- Your instructions: For each record, copy the text exactly and omit any picture it holds.

- Input data:
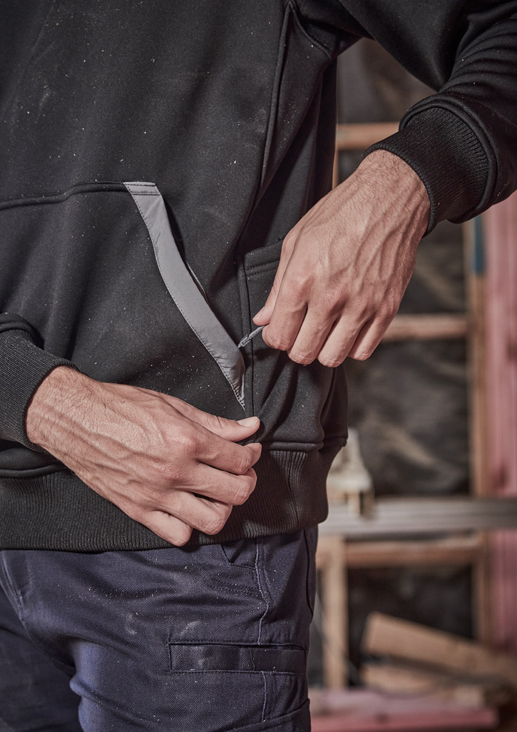 - Kangaroo pockets with zip closures to safely store all your items
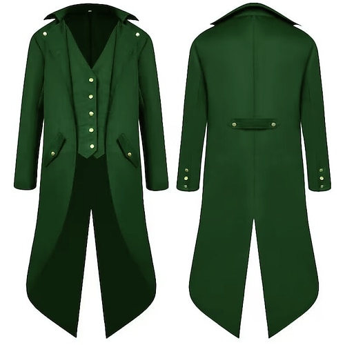 Retro Vintage Punk Gothic Mittelalter Mantel Smoking Frack Vampir Ritter Kostüm Herren Steampunk Weihnachtsaufführung Party Abend LARP Mantel für Erwachsene Ebenezer Scrooge Elf Kostüm
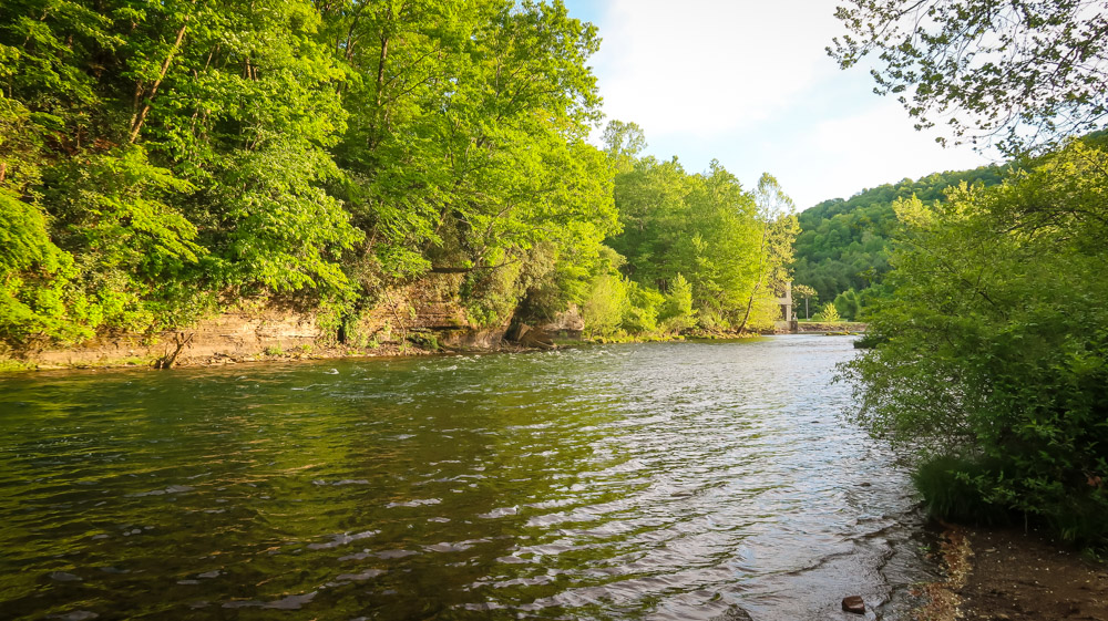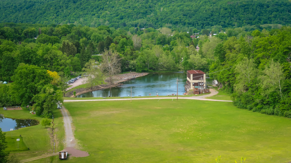 Near Confluence and just a few hundred feet from the Great Allegheny Passage lies Outflow Campground, a public, reservable, fee-based campground at the base of the dam that forms Youghiogheny River Lake. It features 63 sites. The campground is managed by the U.S. Army Corps of Engineers.
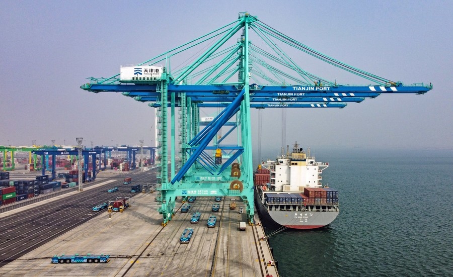 Aerial photo taken on April 9, 2022 shows a container ship by the Beijiang Port Area of Tianjin Port in north China's Tianjin.(Xinhua/Zhao Zishuo)
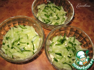 Огурец нарезать соломкой, выложить 2-м слоем.
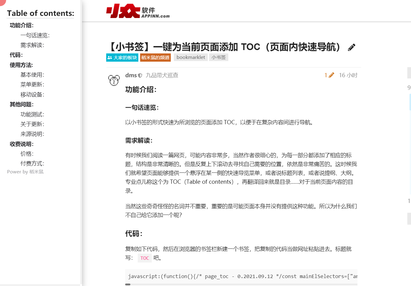 在页面加载完成后,点击这个小书签,就会在页面左侧添加 TOC 菜单。点击其中的项目,可以在页面中快速导览。点击左上角的红色按钮,可以切换菜单的显示和隐藏。
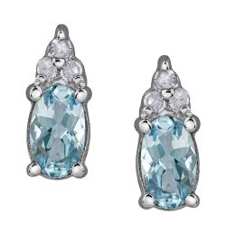10K White Gold Aquamarine & 0.05CTW Diamond Earrings
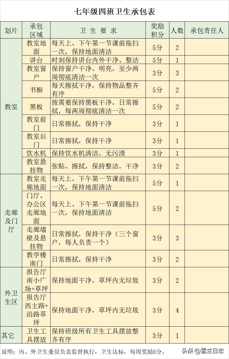 说明:该数据相对固定,由初期班级卫生招标承包时确定奖励积分,一般为每周3-5分,越难打扫和保持的区域如外卫生区楼梯等,承包奖分越高,比较容易清理的如楼道走廊,承包奖分略低。特殊区域承包如卫生间、擦墙裙等,按劳动量和花费的时间精力确定合理的奖分。
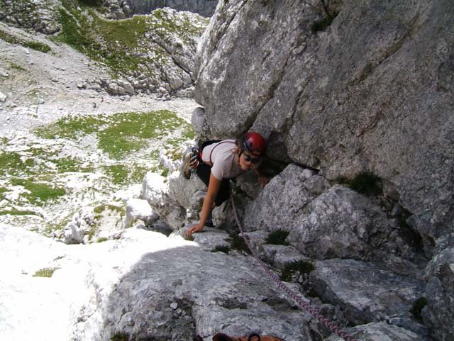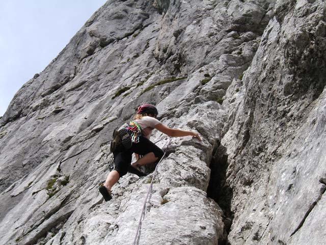 Ausstieg ist sehr lohnend und mit einem glatten 4er auch nicht allzu schwer. Dieser kann aber rechts in leichterem
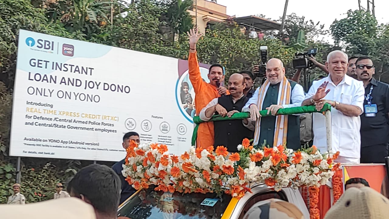 ಮಂಗಳೂರು: ಕೇಂದ್ರ ಗೃಹ ಸಚಿವ ಅಮಿತ್ ಶಾ ಶನಿವಾರ ಮುಸ್ಸಂಜೆ ಮಂಗಳೂರು ವಿಮಾನ ನಿಲ್ದಾಣದ ಹೊರಗೆ ರೋಡ್ ಶೋ ನಡೆಸಿ ಗಮನ ಸೆಳೆದರು.

- Answer box:
 - Kangaroo pockets with zip closures to safely store all your items
 Retro Vintage Punk Gothic Mittelalter Mantel Smoking Frack Vampir Ritter Kostüm Herren Steampunk Weihnachtsaufführung Party Abend LARP Mantel für Erwachsene Ebenezer Scrooge Elf Kostüm
 Near Confluence and just a few hundred feet from the Great Allegheny Passage lies Outflow Campground, a public, reservable, fee-based campground at the base of the dam that forms Youghiogheny River Lake. It features 63 sites. The campground is managed by the U.S. Army Corps of Engineers.
 Aerial photo taken on April 9, 2022 shows a container ship by the Beijiang Port Area of Tianjin Port in north China's Tianjin.(Xinhua/Zhao Zishuo)
 Огурец нарезать соломкой, выложить 2-м слоем.
 在页面加载完成后,点击这个小书签,就会在页面左侧添加 TOC 菜单。点击其中的项目,可以在页面中快速导览。点击左上角的红色按钮,可以切换菜单的显示和隐藏。
10K White Gold Aquamarine & 0.05CTW Diamond Earrings
 说明:该数据相对固定,由初期班级卫生招标承包时确定奖励积分,一般为每周3-5分,越难打扫和保持的区域如外卫生区楼梯等,承包奖分越高,比较容易清理的如楼道走廊,承包奖分略低。特殊区域承包如卫生间、擦墙裙等,按劳动量和花费的时间精力确定合理的奖分。
 Ausstieg ist sehr lohnend und mit einem glatten 4er auch nicht allzu schwer. Dieser kann aber rechts in leichterem
 ಮಂಗಳೂರು: ಕೇಂದ್ರ ಗೃಹ ಸಚಿವ ಅಮಿತ್ ಶಾ ಶನಿವಾರ ಮುಸ್ಸಂಜೆ ಮಂಗಳೂರು ವಿಮಾನ ನಿಲ್ದಾಣದ ಹೊರಗೆ ರೋಡ್ ಶೋ ನಡೆಸಿ ಗಮನ ಸೆಳೆದರು.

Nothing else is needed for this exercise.